We found that the presence of Tok07 PB2 protein in the ribonucleoprotein (RNP) complex allowed efficient viral RNA transcription in a minigenome assay and that RNP activity played an essential role in the viability and replicative ability of the reassortant viruses. When the pathogenicity of 75 reassortant H5 viruses was tested in mice, 22 were more pathogenic than the parental SK06 virus, and three were extremely virulent.
Strikingly, all 22 of these viruses obtained their PB2 segment from Tok07 virus. Further analysis showed that Tok07 PB1 alone lacked the ability to enhance the pathogenicity of the reassortant viruses but could do so by cooperating with Tok07 PB2.
Our data demonstrate that reassortment between an avian H5N1 virus with low pathogenicity in mice and a human virus could result in highly pathogenic viruses and that the human virus PB2 segment functions in the background of an avian H5N1 virus, enhancing its virulence.
Our findings highlight the importance of surveillance programs to monitor the emergence of human H5 reassortant viruses, especially those containing a PB2 segment of human origin.

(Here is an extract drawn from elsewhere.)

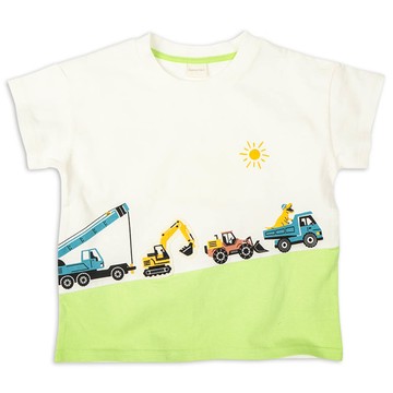 日本西松屋 - 立體發泡印花短袖上衣-挖土機-白

This study has an impressive pedigree that includes such familiar names as Yoshihiro Kawaoka, C.A. Nidom, and no less than Dr. Robert Webster.
The `surprise’ in this research was the production of multiple hybrid strains that were even more virulent (in mice) than H5N1 alone.
This report from PhysOrg.com.
Virus hybridization could create pandemic bird flu
February 22, 2010Genetic interactions between avian H5N1 influenza and human seasonal influenza viruses have the potential to create hybrid strains combining the virulence of bird flu with the pandemic ability of H1N1, according to a new study.
In laboratory experiments in mice, a single gene segment from a human seasonal flu virus, H3N2, was able to convert the avian H5N1 virus into a highly pathogenic form. The findings are reported the week of Feb. 22 in the online early edition of the Proceedings of the National Academy of Sciences.
"Some hybrids between H5N1 virus and seasonal influenza viruses were more pathogenic than the original H5N1 viruses. That is worrisome," says Yoshihiro Kawaoka, a virologist at the University of Wisconsin-Madison and senior author of the new study.
The H5N1 bird flu virus has spread worldwide through bird populations and has caused 442 confirmed human cases and 262 deaths, according to the World Health Organization. To date, however, bird flu has not been able to spread effectively between people.
"H5N1 virus has never acquired the ability to transmit among humans, which is why we haven't had a pandemic. The worry is that the pandemic H1N1 virus may provide that nature in the background of this highly pathogenic H5N1 virus," says Kawaoka, a professor of pathobiological sciences at the UW-Madison School of Veterinary Medicine.
Unknown is how likely any of these combinations is to occur naturally; outside of the lab.
Nature, of course, has a huge and extensive laboratory, that is open for business 24/7.
However remote, one would do well to consider the wisdom of betting against the possibility.